Gomez’s attorney Mike Doyle said those document made all the difference in convincing a Harris County district court jury on March 29 to award Gomez $6.3 million in damages. The jury also determined that the hospital conspired to wreck Gomez’s medical practice and published defamatory statements intended to harm his reputation.
“They first took a shot at him by trying take away his hospital privileges through with peer review,” Doyle said. “When that didn’t work they used this distorted data to attack him  they said look at this data that shows that he’s killing people,’’ Doyle said.
But after getting a looking at the documents, the jury saw there was more to the hospital’s peer review document than patient safety, Doyle said.
“The internal documents undercut their claims that they were focused on safety rather than business,” Doyle said.
Memorial Hermann released a statement noting that it was disappointed in the jury’s verdict.

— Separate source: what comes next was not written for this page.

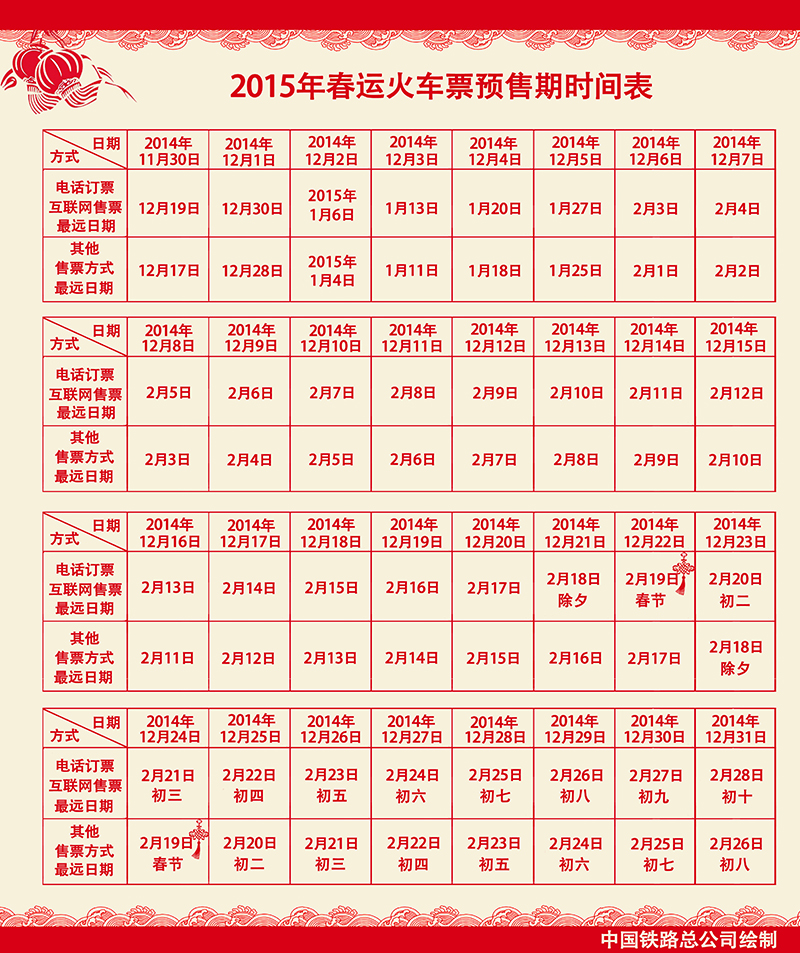 2015年春运火车票预售时间表出炉 客票预售期将延长至60天(图)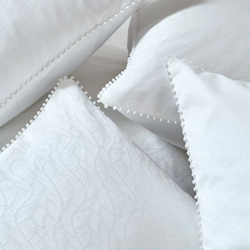 Taie d’oreiller blanche 100% coton satin damassé (jacquard) 130 fils/cm². Qualité made in France. Linge des Vosges.Recto all over jacquard et verso satin uni Ava blanc.. Caractéristiques de Taie d’oreiller Alula blanc :

“At trial, Dr. Gomez questioned the system’s quality review process, expressing concerns that he was unfairly targeted because his mortality data was misleading and made him look bad,” according to the statement. “However, our focus on quality data has never been about singling out one specific physician or physicians; rather we rely on that data to form the basis for our process, the same process widely accepted and utilized nationwide, to evaluate and improve the quality of care provided by our physicians and hospitals.”